Geschrieben von MobyDuck am 23.08.2005 um 21:57:
| Zitat: |
| Aber eine Verurteilung wie 'rumgeeiere' ist mir zu pauschal. |
|
Erstmal meinte ich mit "rumeiern" ursprünglich ein nicht abschließend gesäubertes System. Der -wohl ironische- Bezug auf Norton kam erst später.
Natürlich meinen wir die Consumer-Version. Zu den Mängeln möchte ich hier nichts sagen, das würde das übliche Publikum hier langweilen. Jedenfalls soll in der aktuellen Version zumindest die Deinstallationsroutine überarbeitet sein. Wäre schon mal was. Und was die Leistungsfähigkeit angeht, bringt mich sowas immer noch an's Grübeln:
http://www.pcwelt.de/forum/attachment.php?attachmentid=585
Geschrieben von Vimes am 23.08.2005 um 22:11:
| Zitat: |
Original von DerBilk
[Ohne ausschweifend auf 'unsere' Sicherheitsmechanismen eingehen zu wollen |
|
Schade, wäre interessant gewesen.
Wobei ich mir nicht vorstellen kann, daß Du Dich auf Virenscanner
verläßt.
In den Firmen, in denen ich bisher war, war das leider häufiger der Fall. Jetzt bin ich gerade in einer, wo das nicht der Fall ist:
Wird eine Viren-Schwemme (auch Mailwürmer) festgestellt, werden alle Mails von außen in Quarantäne gestopft - prophylaktisch. Klar, ist unbequem, aber ein Befall wäre noch unangehmer.
Die Anwender werden von der IT scharf gewarnt, keine unbekannten Anhänge zu öffnen - und das regelmäßig
Die IT kann feststellen, wer diese Warnungen ignoriert. So kann ggf. ein LART eingeleitet werden.
Scheint ganz gut zu funktionieren. AV-Programme sind auch im Einsatz, aber die vorigen Maßnahmen sind auch schon recht wirksam...
| Zitat: |
| kann ich ein 'rumgeeiere' in einer ~3.500 Client-Umgebung nicht erkennen. |
|
Da darf der Endanwender auch nicht beliebig mit dem Kram rumspielen. Sinnvolle Voreinstellungen und gut ist. [1]
MfG
Vimes
[1] Wobei dem Endanwender mit einer großen Keule beigebracht gehört, daß auf AV-Programme kein VERLASS ist und man deswegen nicht jeden Schei... öffnen darf.
Geschrieben von MobyDuck am 23.08.2005 um 22:27:
| Zitat: |
| Schade, wäre interessant gewesen. |
|
Finde ich auch. Mit dem Thema durfte ich mich ja ausgiebig bei der *-Versicherung rumschlagen. Wenn auch nicht aus IT-Sicht. Allerdings kann ich mich noch sehr gut an unsere IT'ler erinnern, wenn sie von Kunden zurück kamen. Die brauchten in aller Regel erst mal nen starken Kaffee.
Geschrieben von DerBilk am 23.08.2005 um 22:35:
Nun denn, werde ich mal ein paar Stichpunkte nennen, ohne Anspruch auf Vollständigkeit...
Client-Update über SUS (WSUS)Server
(sofern es sich nicht um die alten NT4-Überbleibsel handelt)

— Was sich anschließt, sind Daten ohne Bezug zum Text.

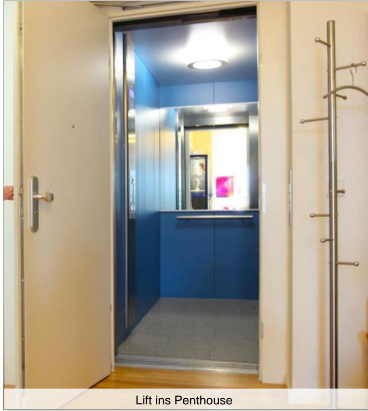
Lift ins Penthouse
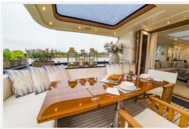
Outdoor Dining Area
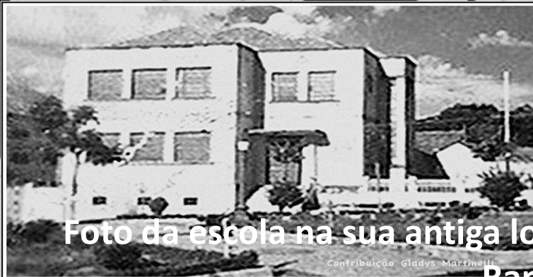
Foto da escola na sua antiga localidade – Praça Doutor Horácio Ramalho
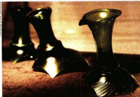
Nalazi su potvrdili pretpostavku da je orijentalni trgovački teret bio namijenjen zapadnom tržištu
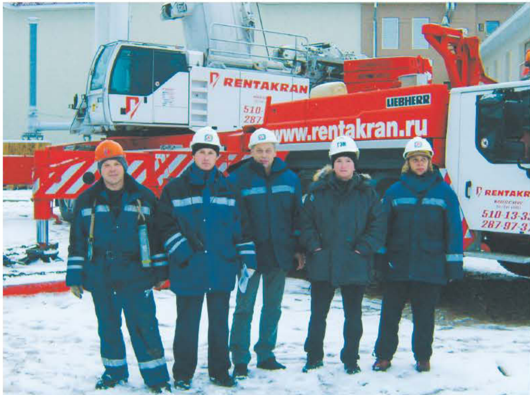
Памятное фото на фоне объекта
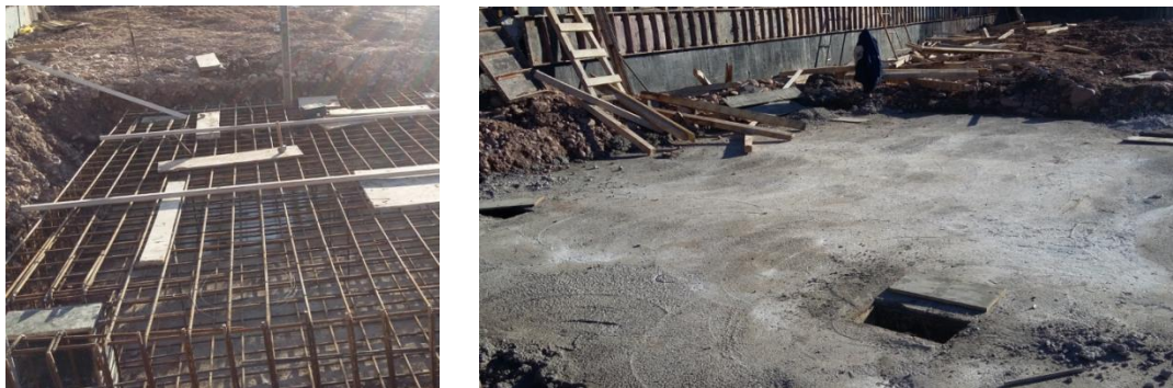
Fig. 8: Base de la grúa

Otro trabajo de replanteo que se realizó fue el de la base para la grúa, el cual se hizo en el terreno natural. Para determinar la ubicación más óptima de la grúa se tuvo en cuenta el alcance del brazo de carga de la misma, para que cubriera la mayor parte del edificio. Pero también fue necesario considerar su respectivo montaje para orientar la base de la grúa, ya que la misma se arma con toda su extensión horizontal sobre el suelo y luego se posiciona en altura con gatos hidráulicos que van subiendo la “pluma” piso a piso, por lo que no debería haber ninguna parte de la estructura del edificio que en un futuro se interpusiera con el desarmado de la misma.
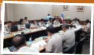
"โครงการพัฒนาบุคลากร" ของ องค์การบริหารส่วนตำบลสาละยา
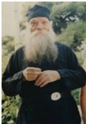
Όσιος Ευμένιος ο νέος ο Θεοφόρος (Σαριδάκης)
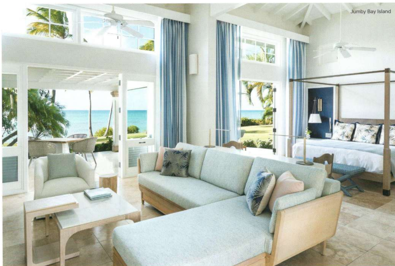
Jumby Bay Island
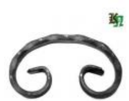
арт.19073.1 105x65, полоса 6x12, вес 0,140 кг Цена: 32 руб.
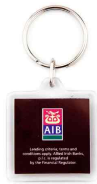
Référence CR-32 / 2 faces 32 X 32 mm Dimension : 45 x 39 mm Assemblage manuel Outils à couper : UC-32 / MC-32C
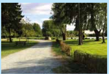
Etangs de Coeurcq : Quelques aménagements réalisés par nos ouvriers communaux en vue d'améliorer les abords de ce merveilleux site.
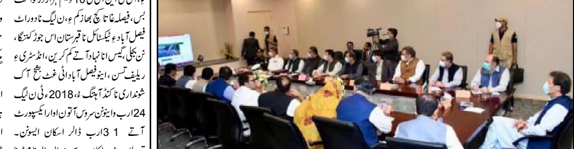
گورڈ شارسو ملی بلوچستان تانہاندوہم تھمک

Der 'normale' Benutzer hat auch nur Benutzerrechte
Zugriffsregelung (wer darf sich an welchem Rechner überhaupt anmelden) über OUs im ActiveDirectory
Mailverkehr:
- Malwarescan am Gateway und ExchangeServer mit unterschiedlichen Produkten
- grundsätzliche Quarantänisierung von ausführbahren Dateien (auch Intern!)
- zentrale Spamerkennung und Filterung bzw. Markierung
Internet:
Contentfilterung
Wobei das natürlich nicht alles in meinen 'Kompetenzbereich' fällt. Nur um Missverständnisse vorzubeugen.
Ich habe sicher noch x genauso wichtige Punkte vergessen... Aber es ruft das Bett.
Geschrieben von dedie am 23.08.2005 um 22:41:
| Zitat: |
| - grundsätzliche Quarantänisierung von ausführbahren Dateien (auch Intern!) |
|
Gerade intern hab ich da schon so manche nette Entdeckung gemacht
Geschrieben von Bishop am 23.08.2005 um 22:47:
RE: Neue Zotob-Variante
| Zitat: |
Due to the ability of the remote user to perform so many different actions on the computer, including installation of applications, it is highly recommended that compromised computers be completely reinstalled. |
|
Es ist soweit, sie haben es zugegeben.
Geschrieben von Hertener am 23.08.2005 um 23:27:
MD, Dein Link von 21:57 funktioniert nicht.
Ansonsten eine sehr interessante Unterhaltung.